Knee-jerk reaction. She had seemed to be on the verge of drugging him and stuffing him into the flyer at one point. “But I’m very sorry if I got it wrong. I was trying hard to do the right thing, but it went so bad.”
There was another long silence.
“Those men….” Zeridee said.
Are sleeping, thought Alden. How many times had he heard her voice repeat the phrase?
“Those men should not have been there,” she said.
Alden looked into her eyes. They were focused. Serious.
“They shouldn’t have been there,” she repeated. “That they were, that they attacked me, that I…that they passed away—none of it was your fault. If they had arrived after you left, I would have tried to reason with them. And they were clearly not reasonable. Or they might have tried to stun me from behind, exactly as they did, and panicked when I didn’t fall, exactly as they did.”
She straightened her shoulders. “If you hadn’t been there, they would have taken their time exploring the residence. They would have run as the floods approached, leaving me behind dead or soon to die. I wouldn’t be here, and even if they made it out…there are those who would insist on identifying them and punishing them. They would have met the same fates by a different road.
“The only person you caused hurt by staying, Alden, was yourself.”
Alden hadn’t thought he needed to hear that, but he must have been wrong. Something sore inside him eased at the words.
Thank you, Zeridee. You being this way makes me so glad I didn’t let you go.
She frowned at him. “But you must remember that your actions could have led to your death. In the future, I insist you think of how your loss might affect Stu-art’h and Hn’tyon Alis-art’h and—”
Alden burst out laughing.
Zeridee stuttered to a halt.
“I’m sorry!” Alden said, wiping his eyes with the hand that wasn’t holding the thermos. “I’m sorry. I know it’s serious.

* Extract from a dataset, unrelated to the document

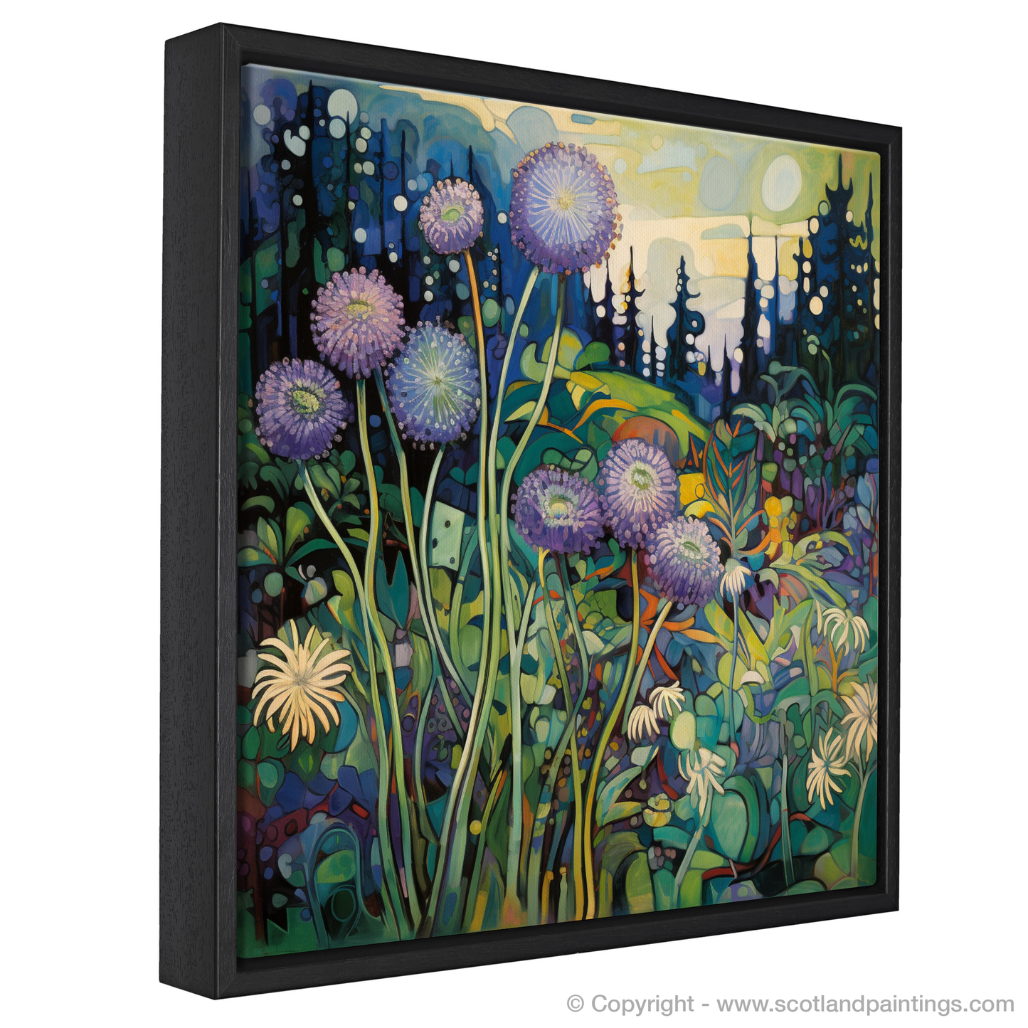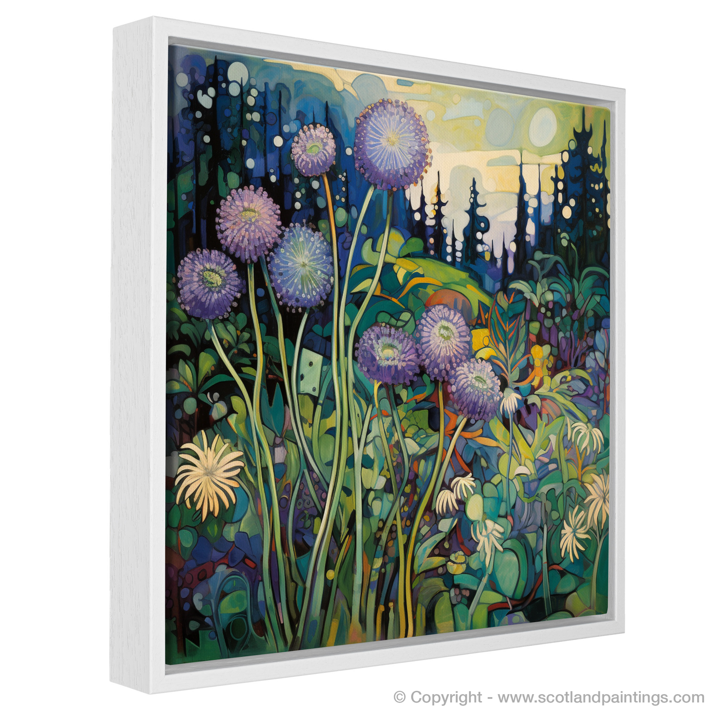 Fantastical tree silhouettes suggest the majestic presence of ancient pines in the distance, set against a dream-like sky that transitions from the golden warmth of daybreak to the tranquil coolness of twilight. As light appears to emanate from the canvas, it illuminates the flowers, casting an otherworldly glow that accentuates the depth and dimensionality of the composition.

But you should have seen Stu’s face when I told him you kept trying to force me to stay safe by mentioning his name.”
Zeridee made a yelping sound. “You told—!”
“He was so offended and so pleased at the same time.” The weirdo. “He did tell me to tell you to stop doing it, though.”
Zeridee looked appalled.
“You told him,” she said faintly.
“Of course,” said Alden, still smiling. “We’re friends after all.”
Zeridee leaned back against the door and looked toward the ceiling, letting her head hit it with a thump.
“Don’t shake your brain,” Alden reminded her.